Ich hatte noch nicht einmal ganz ausgeredet, da liefen Betina die Tränen nur so übers Gesicht. Es war jedoch deutlich zu erkennen, dass sie alles daran setzte, ihre Selbstbeherrschung nicht vollends zu verlieren. In diesem Moment stand sie direkt neben ihrer Mutter, die sie mit ihrem Unterarm stützte, als sie für einen kurzen Augenblick in sich zusammensackte.
Doch genauso schnell, wie dieser Gefühlsausbruch gekommen war, hatte sie ihre Fassung auch wiedererlangt, sodass wir die konkreten Maßnahmen besprechen und erste Termine festlegen konnten.
Ich habe so etwas wie Mitspracherecht in meinem Leben. Viele meiner ursprünglichen Vorstellungen sind berücksichtigt worden, wenn auch alles anders verlaufen ist als geplant.

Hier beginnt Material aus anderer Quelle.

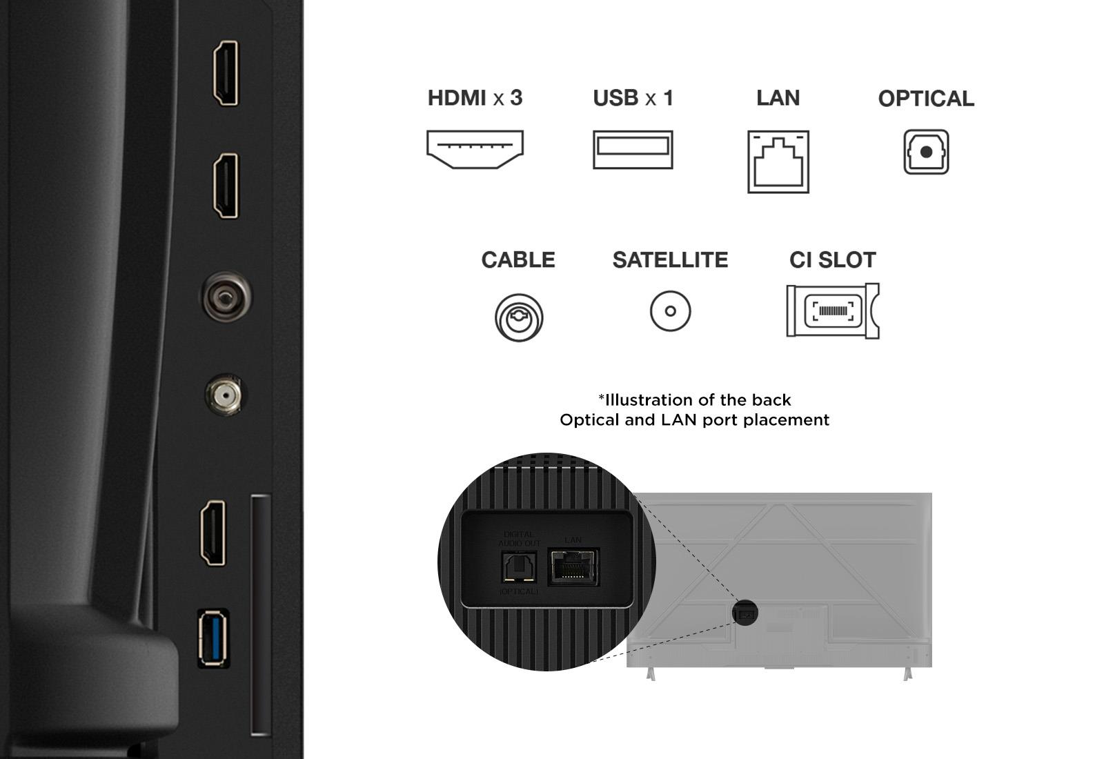 Featuring high quality speakers, you can enjoy immersive Dolby Atmos sound quality or pass it to a TCL sound bar.

Als wir uns verabschiedeten, sagte Betina, dass sich ihr Leben anfühlt, als wäre sie in einem falschen Film gelandet, als hätte sie keinen sonderlichen Einfluss auf ihre Lebenssituation. Ich bin mir sicher, dass der Kleine Nazareno einen entscheidenden Beitrag dazu leisten kann, dass Betina sich schon bald zur Hauptdarstellerin ihrer eigenen Geschichte verwandeln wird! Wir freuen uns, ihr dabei helfen zu dürfen!
Unterstützung der Kinder und Jugendlichen in der Armensiedlung „See der Geier“
Uns steht heute ein Katalog an konkreten Maßnahmen zur Verfügung, dessen einzelne Teile sich wie in einem Puzzlespiel perfekt zusammenfügen. Es geht mir bei unseren Besuchen um keine abstrakte Solidaritätsbekundungen, obwohl ich die Gespräche und die zum Teil sehr freundschaftlichen Beziehungen, die während unserer Aufenthalte in den Armensiedlungen entstehen, gar nicht schmähen und ihren Wert unterschätzen möchte. Es geht darum, insbesondere den Kindern und Jugendlichen, aber auch der ganzen Familie konkrete Hilfe anzubieten, um zu ermöglichen, dass sie ihr Leben positiv verändern und die aktuelle Notsituation besser meistern können, um sie dann vollends zu überwinden. Und so gehen wir in alle Baracken, eine nach der anderen und wenn wir es in einer Gasse an einem Tag nicht schaffen, dann machen wir am nächsten Tag dort weiter, wo wir aufgehört haben. Das ist unsere Arbeit, denn wie drückte es Dona Ana von einer anderen Gemeinde aus, als wir in ihre Notunterkunft hineintraten: „Ich dachte schon, dass sich kein Mensch für uns interessiert und dass wir unserem Schicksal allein übergeben sind!“
(Armensiedlung „Lagoa do Urubu“, übersetzt „See der Geier“)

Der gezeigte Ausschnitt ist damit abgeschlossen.